The pharmaceutical industry is now a well-established market for AI partnerships: it has the necessary capital and knows exactly what it wants. Moreover, it has already extracted value from these collaborations. In this sense, pharma represents the ideal partner. The creation of proprietary AI platforms is therefore seen as a long-term asset, capable of generating value not only through the development of in-house drugs but also through collaborations and licensing agreements.

Exit Scenarios

Finally, exit scenarios for AI-driven biotech startups are evolving, with two main emerging pathways: IPO and Buy and Build. The IPO represents the most ambitious option, as seen with Exscientia, which went public on Nasdaq, raising over $500 million to develop its drug discovery platform.

In this new competitive landscape, more Life Science startups will likely find their ideal exit through buy-and-build strategies, where larger companies acquire them to strengthen their capabilities and integrate data/algorithms. A notable example is Recursion Pharmaceuticals, which acquired Cyclica and Valence Discovery to expand its computational pipeline, or Valo Health, which integrated TARA Biosystems to enhance its cardiovascular research.

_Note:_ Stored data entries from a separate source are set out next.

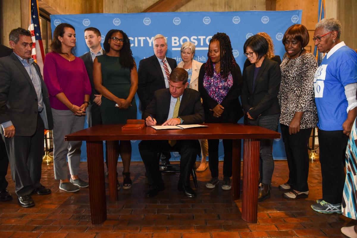 BOSTON – Thursday, September 12, 2019 – Mayor Martin J. Walsh today joined members of the Boston City Council, community residents and advocates as he signed “An Act to Further Leverage Commercial Development to Build Housing, Create Jobs, and Preserve Inclusionary Development.” This Home Rule Petition enables the City of Boston to have more flexibility to fund affordable housing and workforce training through Boston’s Linkage program, and will codify the Inclusionary Development Policy (IDP) into Boston’s Zoning Code to protect the City’s ability to create and fund income-restricted housing. Mayor Walsh proposed the Home Rule Petition in January 2019 as part of his 2019-2020 legislative package. Following the signing, the proposal will move to the Massachusetts Legislature for approval.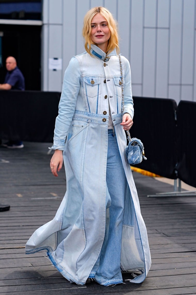 حضرت عرض Coach بجاكيت دنيم طويل وبنطلون واسع، مع حقيبة Coach Tabby بنسخة الدنيم.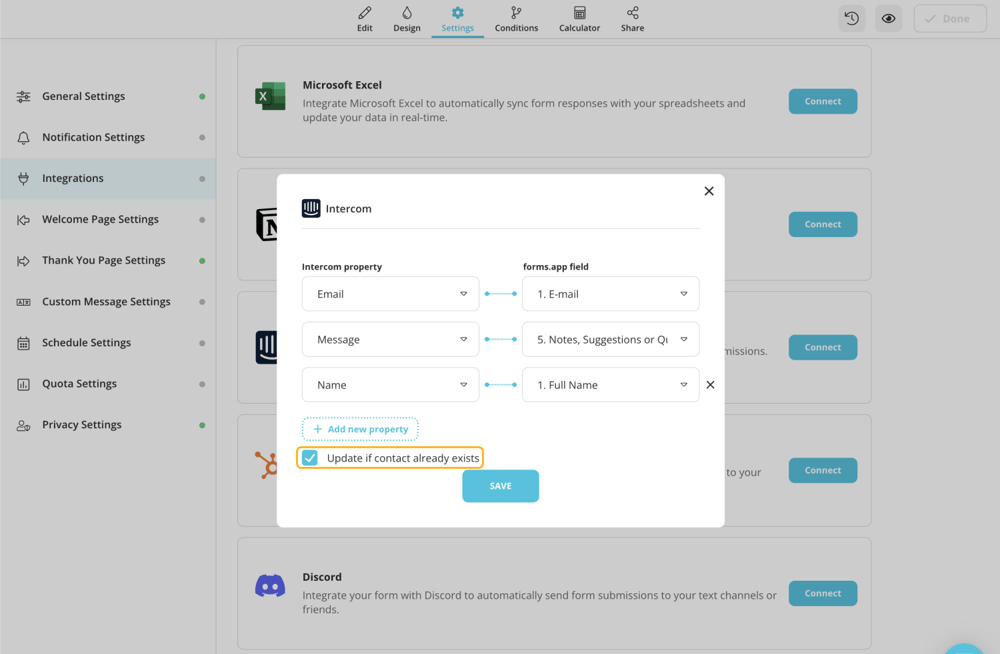 3 - Now it’s time to pair up your form fields with the Intercom properties;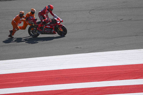 Sejumlah marshal mendorong sepeda motor pembalap Ducati Lenovo Team Marc Marquez usai terjatuh dalam sesi practice MotoGP Indonesia 2025 di tikungan 11 Sirkuit Internasional Pertamina Mandalika, Lombok Tengah, Nusa Tenggara Barat, Jumat (3/10/2025). Foto: Aditya Pradana Putra/ANTARA FOTO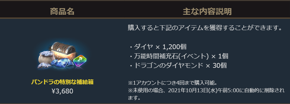 2021年9月29日より販売を開始しました「パンドラの特別な補給箱」のご案内を申し上げます。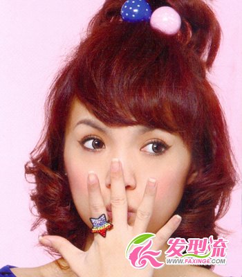 抓出要扎绑成公主头的发束,两侧的头发不要绑起,比较自然。直接用可爱的大发饰扎绑固定,绑好发饰后,从中央向外放射状拉开发丝,使之呈花朵形状。利用大而抢眼的发饰,直接绑成高高的冲天炮,因为是短发,所以看起来会很俏皮。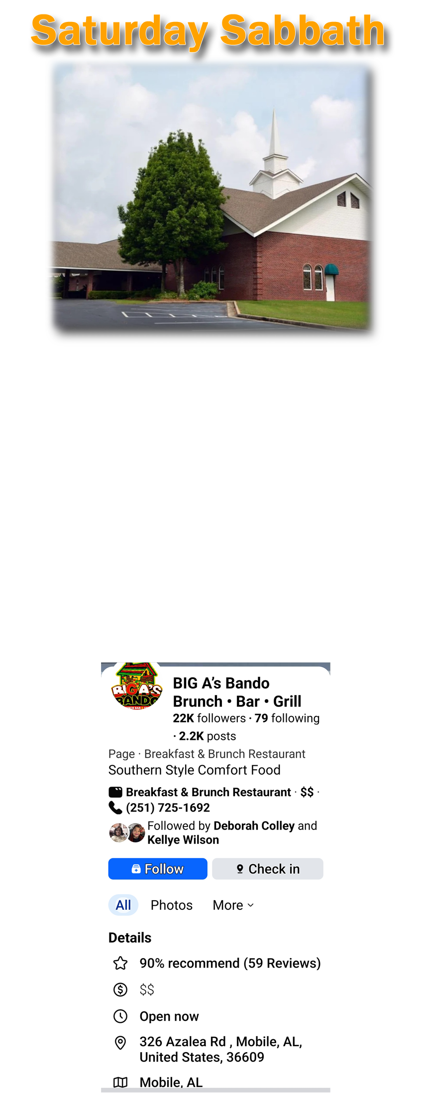 The address for the church is 324 59th Street Fairfield AL 35065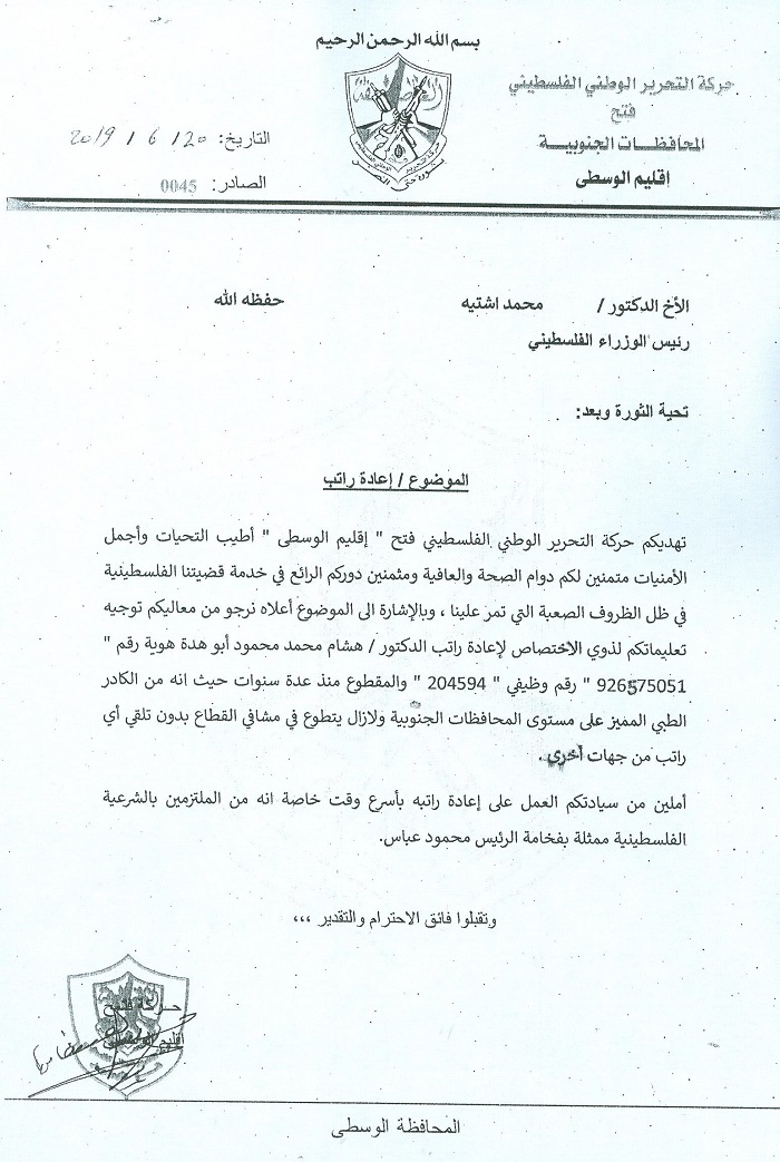 القضية تتعلق بوقف راتب الدكتور المذكور منذ سنوات ورغم كافة المحاولات التي قام بها الكثير من المخلصين وقيادات حركة فتح في قطاع غزة وحتى كتاب موجه من السيد اللواء ماجد فرج مدير المخابرات الفلسطينية ورئيس الوزراء السابق "رامي الحمد الله" ووزراء الصحة السابقين حول ضرورة اعادة راتبه الا ان تلك المحاولات باءت بالفشل.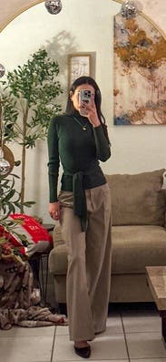 A chic forest green turtleneck sweater by TOCCIN X RTR features a ribbed texture and a unique tie-waist detail for a sophisticated touch. Pair it with tailored trousers and statement earrings for a polished ensemble.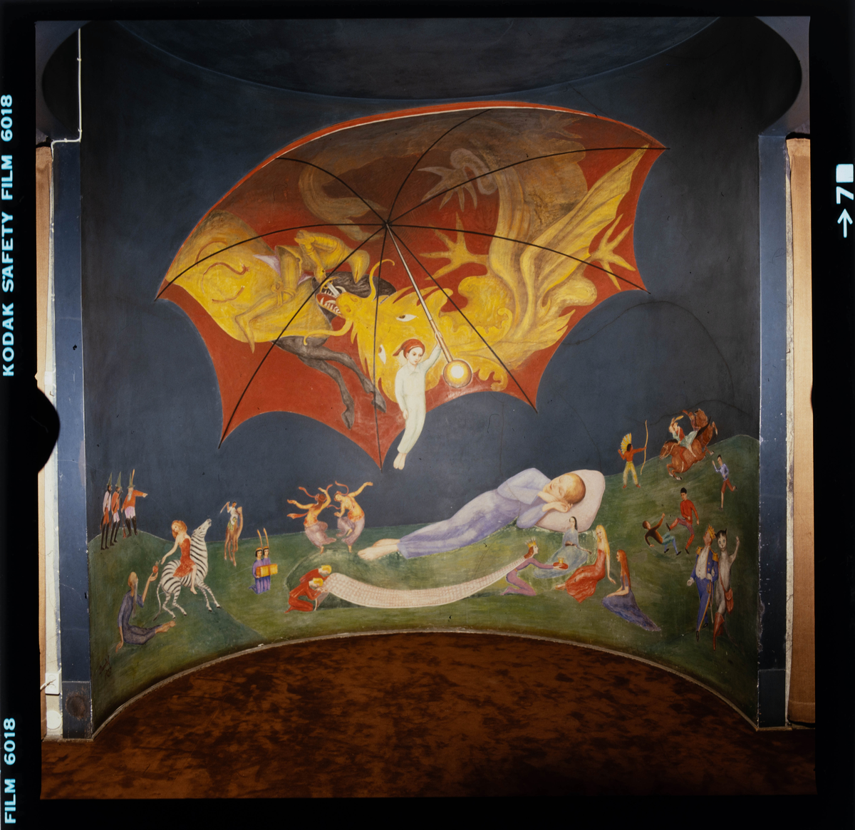 Nils von Dardels freskmålning "John Blund" i Sagorummet på Stockholms stadsbibliotek.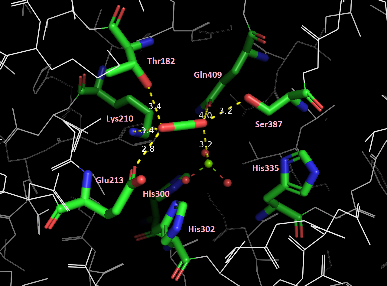 이산화 탄소(CO2)와 효소 촉매 작용에 관여하는 잔기가 표시되어 있다.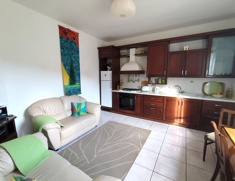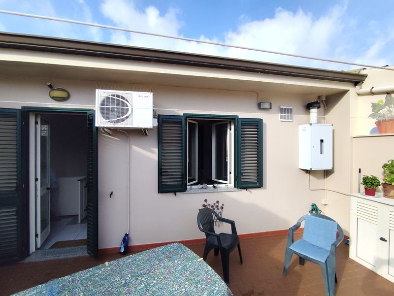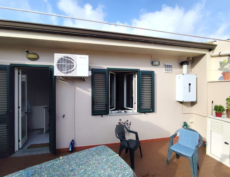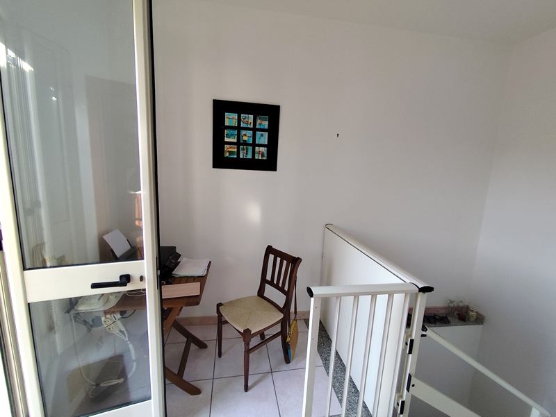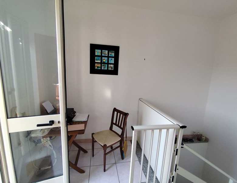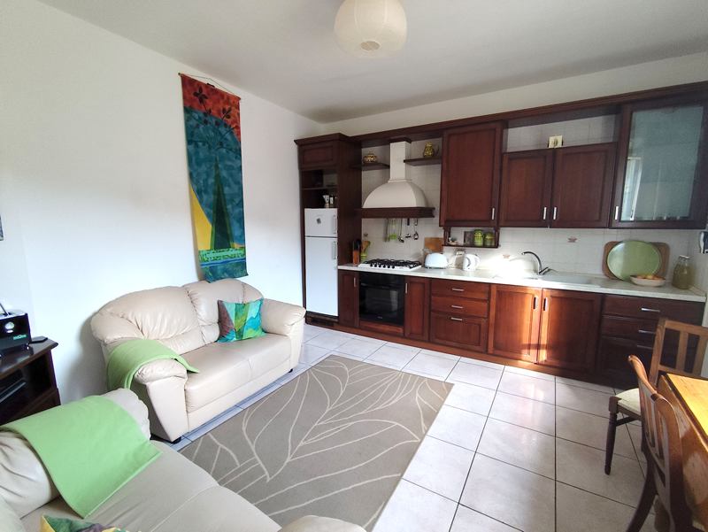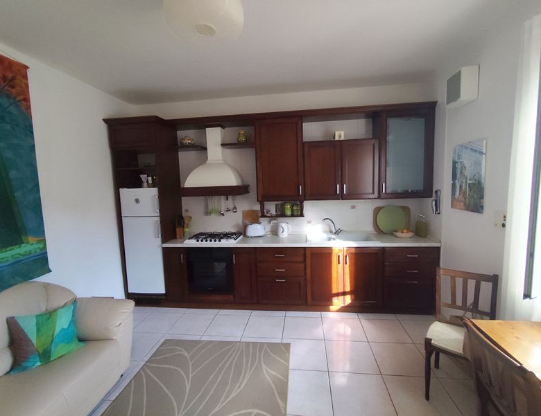 Stairs to 2nd floor with kitchen/living – one wall with fitted Scavolini kitchen, and door to 20mq terrace.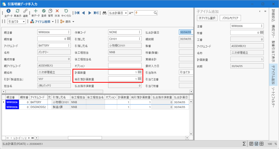 [計画業務] - [引落明細データ手入力]を開き、子アイテムを追加します。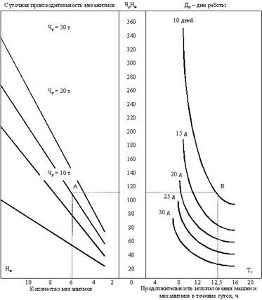 Для этого из точки Нн 6 ед. на оси абсцисс восстанавливаем перпендикуляр до пересечения с прямой, соответствующий часовой производительности Чр = 20 т в час. Через точку А проводим прямую, параллельную оси абсцисс, до пересечения с кривой Др = 10 дней, в результате чего получаем точку В. Перпендикуляр, опущенный из точки В на ось абсцисс правого семейства кривых номограммы, дает искомую величину Тс = 12,5 ч.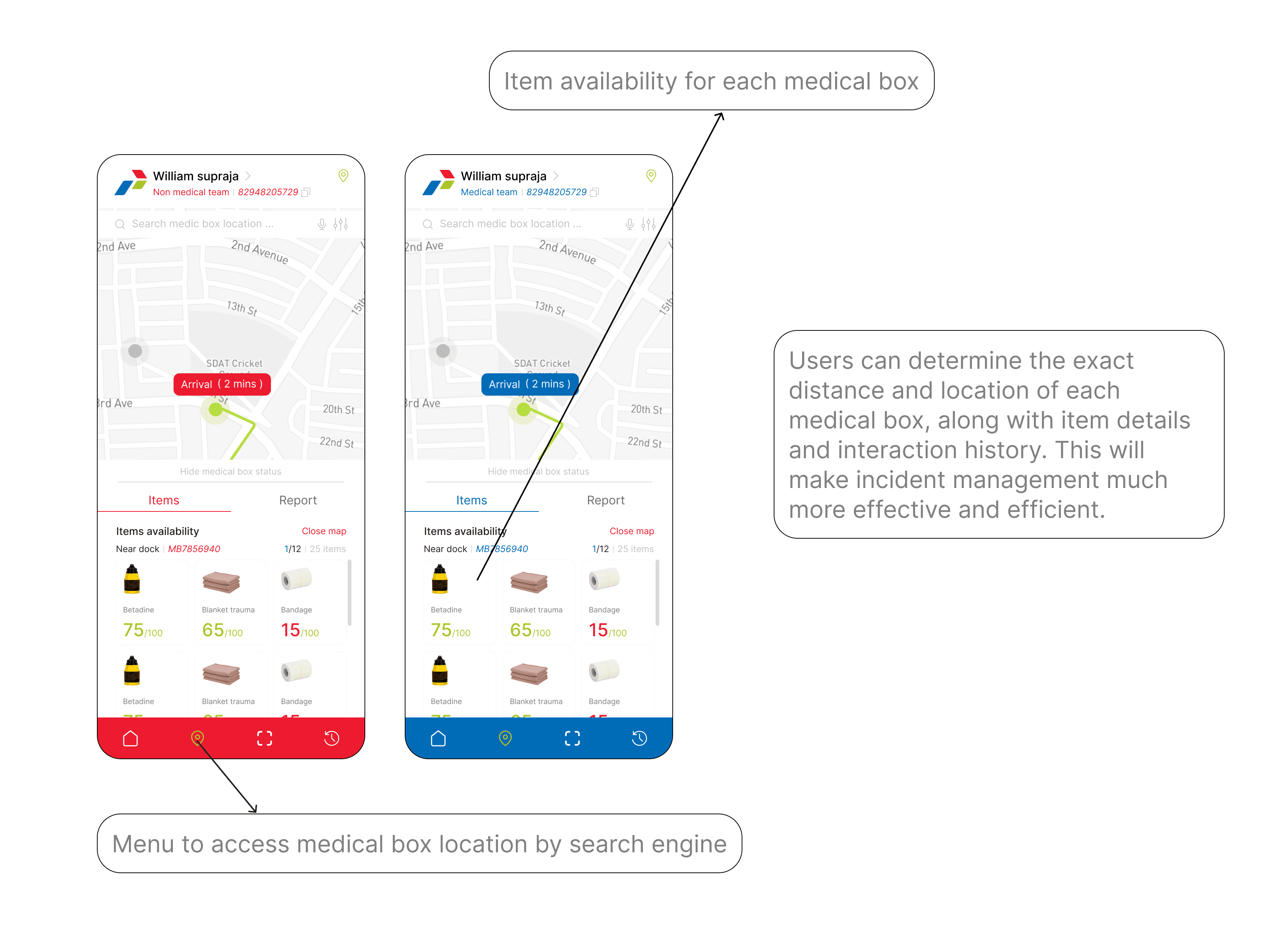 For the field team, in the event of a workplace accident, they or their colleagues can locate a medical box using the mobile app. They can search an area, scan detailed locations of medical boxes, or filter for specific items to find which medical box has them. Additionally, the field team can report depleted medical boxes to the medical team for restocking.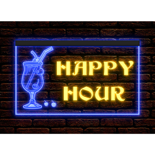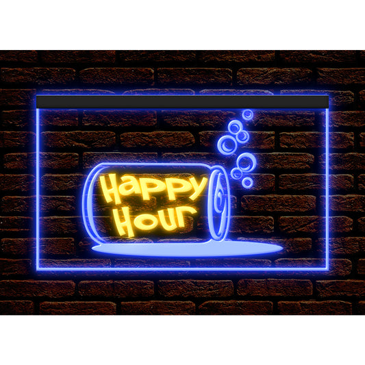 DC170159 Happy Hour Bar Home Decor Open Display illuminated Night Light Neon Sign Dual Color
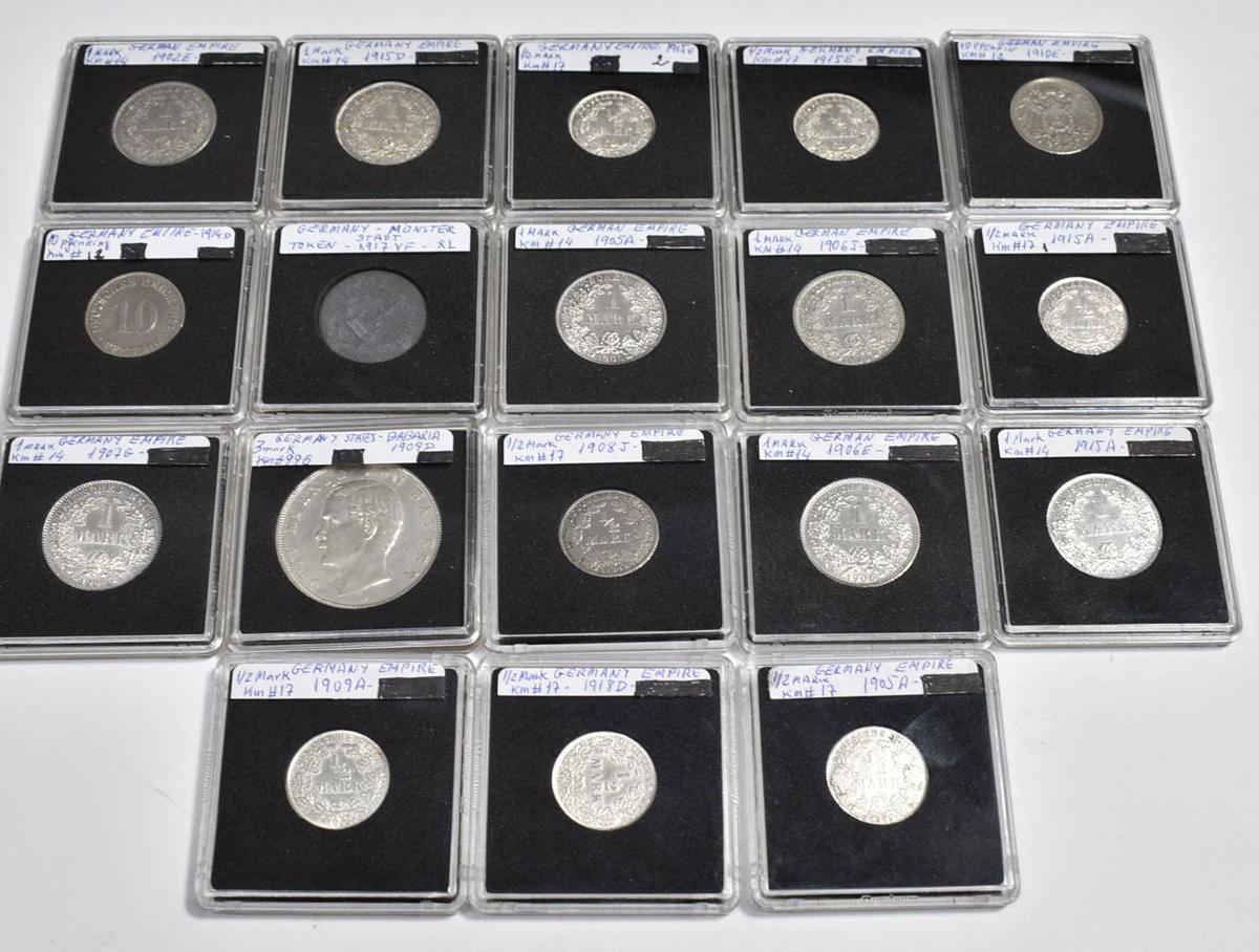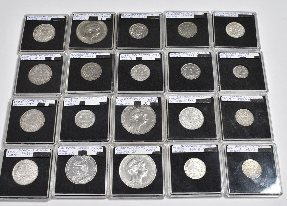 ALEMANIA. Preciosa colección formada por 38 monedas de diferentes módulos entre los que encontramos varios divisores de Pfennig y 1/2, 1 y 3 Mark en plata. Diferentes cecas. Todas las monedas pertenecen al denominado periodo de Imperio Alemán (1871-1918). Diferentes estados de conservación incluyendo un buen número de piezas en un alto nivel. A EXAMINAR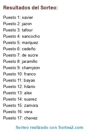 Lista de participantes: chavez, marquez, champion, suarez, tafour, alex, jaramillo, zamora, hilario, jazon, franco, vera, de sucre, cedeño, sancocho, bayas, xavier.

This approach allows companies to consolidate expertise and data, accelerating drug development and creating more competitive players in the industry.

Conclusions

As IAG, we are witnessing the growing development and consolidation of these businesses, both at the European and international levels. One of our portfolio companies, Rubedo Life Science, is a prime example of this trend.

Thanks to its proprietary AI-driven drug discovery platform, ALEMBIC™, which combines sophisticated computational algorithms with chemistry, the startup can generate numerous drug candidates. These candidates will be studied in preclinical stages to strengthen their pipeline and establish new partnerships. Confirming this strategy, the Italy-California-based startup announced a partnership with Beiersdorf in 2024 for the identification and development of molecules in the dermatology field. As we previously analyzed, the team is internally conducting Phase I clinical trials to assess the efficacy and safety of treatments for dermatological conditions.

At the same time, potential drugs for respiratory, metabolic, and neurological indications are being developed to diversify and attract new co-development agreements. Rubedo, like many of the examples we have discussed, is just one of many companies shaping this new landscape—it won’t be the first, and it certainly won’t be the last.